Also, may be related to minio/minio#2743.

Here's my setup, using Alpha channel of CoreOS and libvirt:

export KUBERNETES_PROVIDER=libvirt-coreos && export NUM_NODES=4
./cluster/kube-up.sh
# wait for etcd to settle
helmc install workflow-v2.5.0
# wait for kubernetes cluster to all be ready
deis pull 192.168.57.10:5000/aergo-server:1.0.0-SNAPSHOT -a aergo-server

Worked with @harshavardhana from the minio crew to try to troubleshoot this.

For whatever reason, during our teleconsole session, I was able to successfully push the image into the deis-registry-proxy - but then saw the same dial i/o timeout but in a different context. This time, it was while pulling the image from the proxy, during the image app:deploy phase.

NOTE: you can ignore the 404 below - v4 of the aergo-server doesn't exist since I've restarted the minio pod several times during troubleshooting. The v5 release is definitely stored in minio, as can be seen in the mc ls command at the bottom of this post.
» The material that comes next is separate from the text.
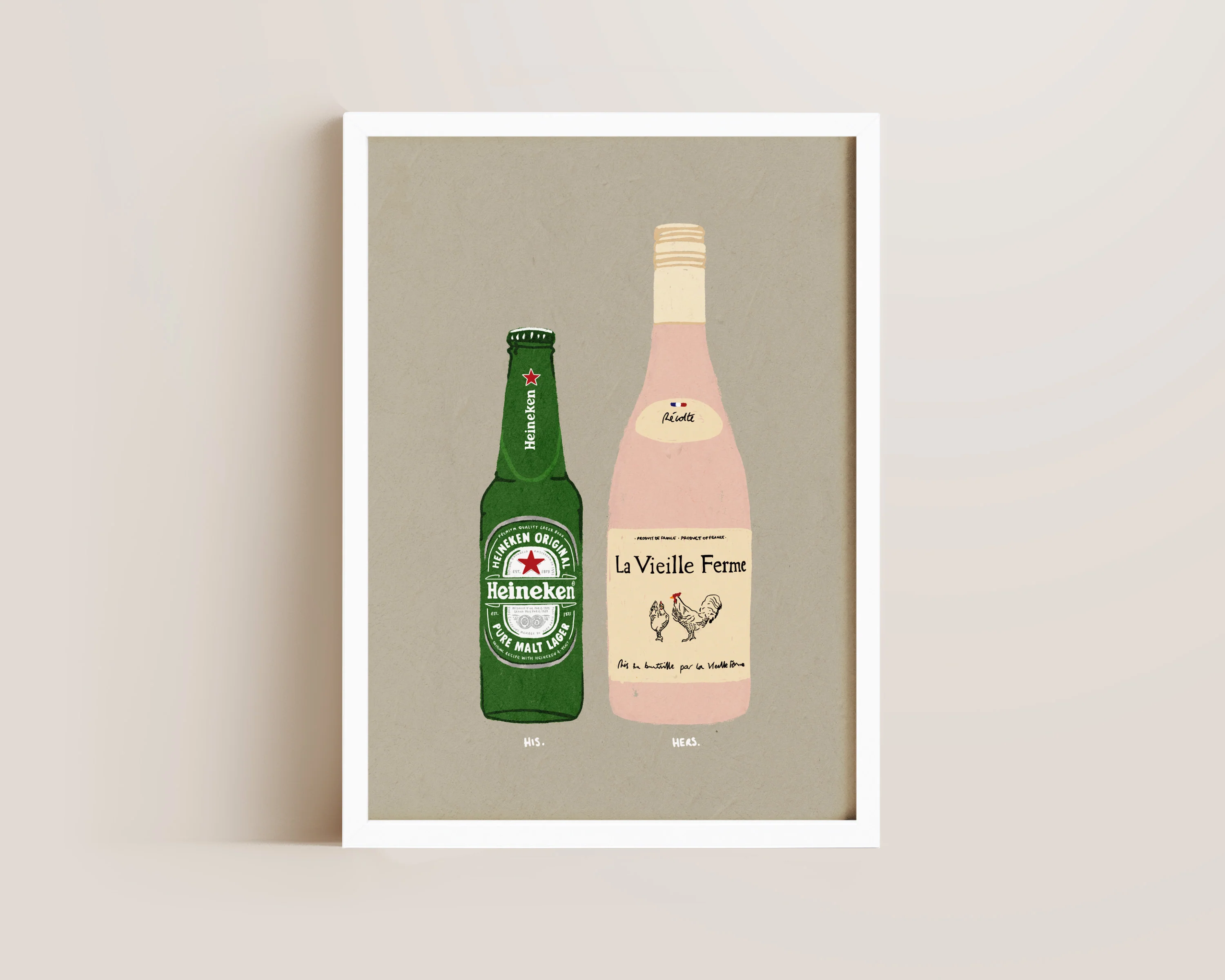 A Heineken & Chicken Wine print featuring hand drawn bottle of Heineken alongside a bottle of Chicken Wine, set against a pale green grey background, the perfect modern kitchen print. Printed on archival matte 240gsm paper. Available in multiple sizes, with framed or unframed options. Exclusively designed by one of our artists at our studio.

INFO [aergo-server]: build aergo-server-49c7405 created
INFO [aergo-server]: rbellamy deployed 192.168.57.10:5000/aergo-server:1.0.0-SNAPSHOT
INFO Pulling Docker image 192.168.57.10:5000/aergo-server:1.0.0-SNAPSHOT
INFO Tagging Docker image 192.168.57.10:5000/aergo-server:1.0.0-SNAPSHOT as localhost:5555/aergo-server:v5
INFO Pushing Docker image localhost:5555/aergo-server:v5
INFO Pulling Docker image localhost:5555/aergo-server:v5
INFO [aergo-server]: adding 5s on to the original 120s timeout to account for the initial delay specified in the liveness / readiness probe
INFO [aergo-server]: This deployments overall timeout is 125s - batch timout is 125s and there are 1 batches to deploy with a total of 1 pods
INFO [aergo-server]: waited 10s and 1 pods are in service
INFO [aergo-server]: waited 20s and 1 pods are in service
INFO [aergo-server]: waited 30s and 1 pods are in service
INFO [aergo-server]: waited 40s and 1 pods are in service
ERROR [aergo-server]: There was a problem deploying v5. Rolling back process types to release v4.
INFO Pulling Docker image localhost:5555/aergo-server:v4
INFO Pulling Docker image localhost:5555/aergo-server:v4
INFO Pulling Docker image localhost:5555/aergo-server:v4
INFO Pulling Docker image localhost:5555/aergo-server:v4
INFO Pulling Docker image localhost:5555/aergo-server:v4
INFO Pulling Docker image localhost:5555/aergo-server:v4
INFO Pulling Docker image localhost:5555/aergo-server:v4
INFO Pulling Docker image localhost:5555/aergo-server:v4
INFO Pulling Docker image localhost:5555/aergo-server:v4
ERROR [aergo-server]: (app::deploy): image aergo-server:v4 not found
ERROR:root:(app::deploy): image aergo-server:v4 not found
Traceback (most recent call last):
  File "/app/scheduler/__init__.py", line 168, in deploy
    deployment = self.deployment.get(namespace, name).json()
  File "/app/scheduler/resources/deployment.py", line 29, in get
    raise KubeHTTPException(response, message, *args)
scheduler.exceptions.KubeHTTPException: ('failed to get Deployment "aergo-server-cmd" in Namespace "aergo-server": 404 Not Found', 'aergo-server-cmd', 'aergo-server')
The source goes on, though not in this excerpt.